The Minuteman is the land-based arm of the nation's nuclear arsenal. Nukes also can be fired by submarines and dropped by long-range bombers. The "M-3" has a range of more than 6,000 miles and can deliver multiple warheads. Unarmed Minuteman missiles are periodically launched on test flights from Vandenberg Air Force Base and produce contrails visible from Orange County.

Boeing-Anaheim has specialized in control-and-guidance systems for decades, and it developed the navigation systems for virtually all submarines in the modern American fleet.

OC Astronaut going to ISS

Michael Lopez-Alegria will be going to the ISS for a six month trip around the Earth! Yeah!
Veteran astronaut-spacewalker Michael Lopez-Alegria, who was raised in Mission Viejo, has been assigned to spend six months aboard the International Space Station, where he'll serve as mission commander, NASA says on its Web site.

Lopez-Alegria, 47, also will serve as science officer when he arrives at the space station aboard a Russian Soyuz spacecraft in September, NASA says.

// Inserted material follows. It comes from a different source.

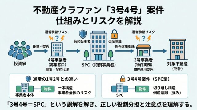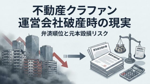 資産形成不動産クラウドファンディング|運営会社が破産したら?弁済順位と元本毀損(不特法1号2号) 不動産クラウドファンディング(不特法・匿名組合型)で運営会社(第1号)が破産したら?第1号/第2号の違い、弁済順位と回収の現実、元本大幅毀損の理由、債権届出の手順、分別管理の誤解まで解説。 2026.02.27資産形成

Another OC resident will be on a Shuttle mission next year.
Caldwell, 36, will be part of a six-member crew that is expected to use shuttle Endeavour to carry a 3,900-pound section of space station framework that was built at Boeing-Huntington Beach. The shuttle also will transport supplies to the station, which is only half- finished.

NASA hasn't set a date for the flight, which will be Caldwell's first trip into space. But the mission is tentatively scheduled for June 2007 and could be historic. The crew also includes astronaut-educator Barbara Morgan, who was the backup for Christa McAuliffe, the teacher who died when shuttle Challenger exploded in 1986.

I'm glad that Barbara Morgan will be on the flight also.

The Vision in trouble?

Ht from Instapundit on this article in Popular Mechanics by Tom Jones:
If Administrator Mike Griffin is responsible for this hard-eyed approach top NASA’s future, he is to be commended. But the constant tinkering with launchers and the cost and schedule difficulties still to be grappled with in getting the new Crew Exploration Vehicle off the ground will only exacerbate Congressional suspicions that NASA, faced with painful budget choices, is trying to low-ball the costs for its exploration plans. The agency tried the same tactic 15 years ago with the Space Station, and suffered a huge loss in credibility with the administration, Congress and the public. NASA knows it must not squander the Vision opportunity, but can it avoid a repetition of its past missteps? If America hopes to fly astronauts again once the shuttle retires, the answer must be yes.

Thursday, May 11, 2006

Titan Video

"It was a very complicated process," said Erich Karkoschka, a senior staff scientist with the Lunar and Planetary Laboratory at the University of Arizona who integrated the Huygens images into mosaics and videos. Putting the images together "to build mosaics and make it without any seams ... that took quite a lot of time."

Huygens spent about 147 minutes descending through Titan's atmosphere. During that time, the probe's NASA-funded Descent Imager/Spectral Radiometer (DISR) photographed the moon's orangish atmosphere and mottled, gullied surface from three separate angles.

(Via CNN here.)

Video here via

Wonderful view of Titan and the flight and landing of Huygens. Great job University of Arizona!